Change this parameter to 48: https://github.com/Lotayou/Face-Renovation/blob/b5f5e9e86ec8ebdebcf64d22d806085fead80b8b/options/config_hifacegan.py#L59 It controls the input channel, 48 means 48x16=768 channels. https://github.com/Lotayou/Face-Renovation/blob/b5f5e9e86ec8ebdebcf64d22d806085fead80b8b/models/networks/generator.py#L195-L206
The training will work in this case, but I don't know if the result will be good... The code seems too messy...
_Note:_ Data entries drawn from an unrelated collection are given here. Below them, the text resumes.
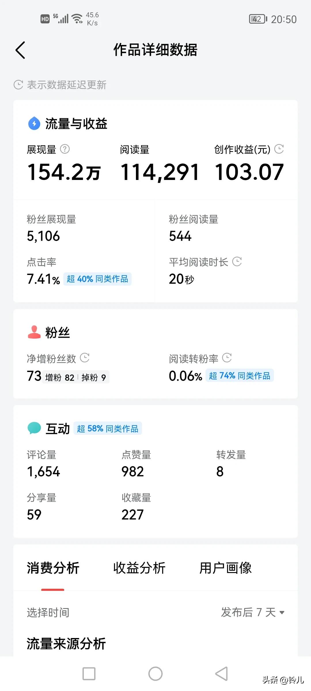 我告诉你三个秘密 有人说我头条风生水起 我关注好友先看获赞率 获赞高说明他比较活跃 不知不觉我拥有三万多粉丝 获赞破10万喽 我还发现一个秘密 发文后先找一个人暖场的 我给别人暖过场果然有流量 找不到人自己暖暖场 别冷了自己的场 我还发现一个秘密 我发现最近以四十岁后 五十岁后六十岁后开头比较火 其实内容几十岁都适用 总结归纳都是活通透 别在蒙眼瞎拉磨 头条新规改了之后 我就写了一篇优质文 单篇收益达到三位数 我没有大咖的潜质 但我比大咖活跃度高
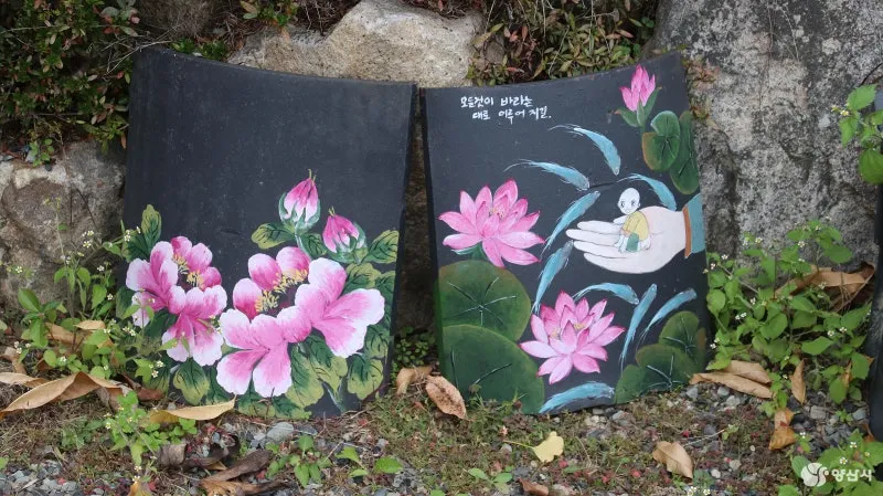 연꽃과 동자승 그리고 꽃 그림이 그려져 있습니다.
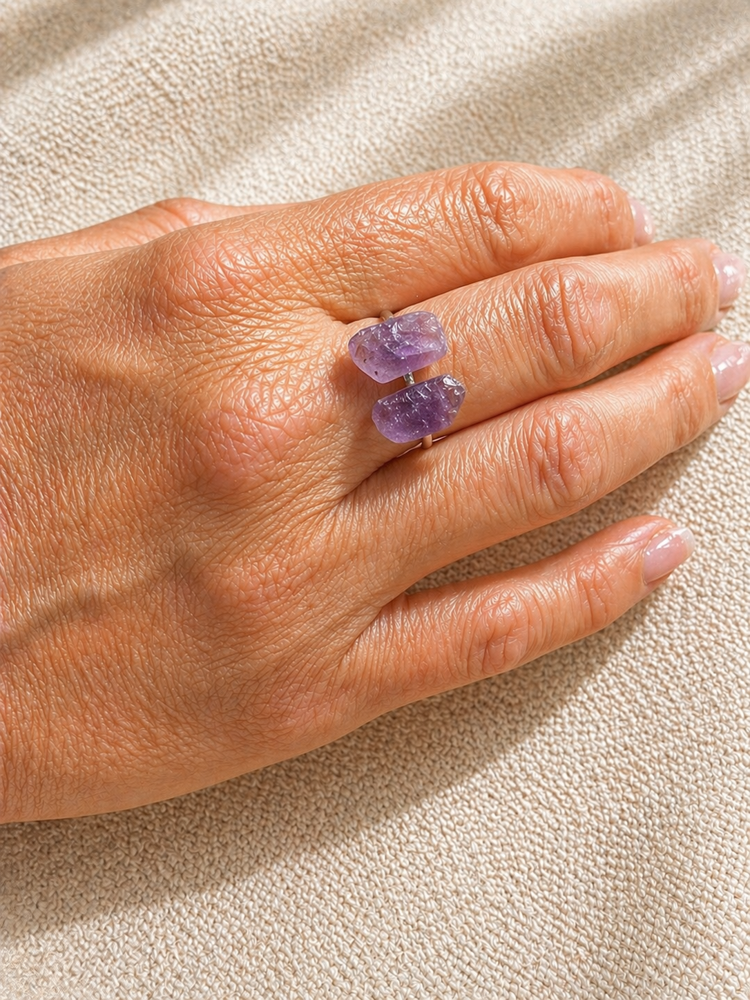 Bague en améthyste brute, idéale pour sérénité, intuition et élévation spirituelle.
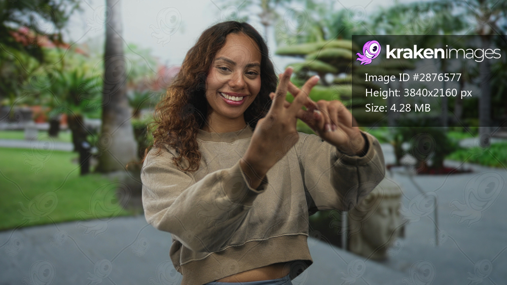 Smiling woman forms hashtag with fingers on tree lined street, bare hands in focus and casual cropped sweater; joy connection.

@kwea123 Thanks for mentioning. The code has now been reformatted and should work for both 48 and 64. https://github.com/Lotayou/Face-Renovation/blob/2e55e1563d52c6cfb2bbd98c915ae95f566f416d/models/networks/generator.py#L195-L206
Most experiments reported in the paper are trained with ngf=48
that fits on a 12GB Titan X card, and the result is already good enough to beat SOTA. The final code release is tested on a company server with 16GB P100 card, allowing training with ngf=64
. I haven't benchmarked the performance between 48 and 64 though.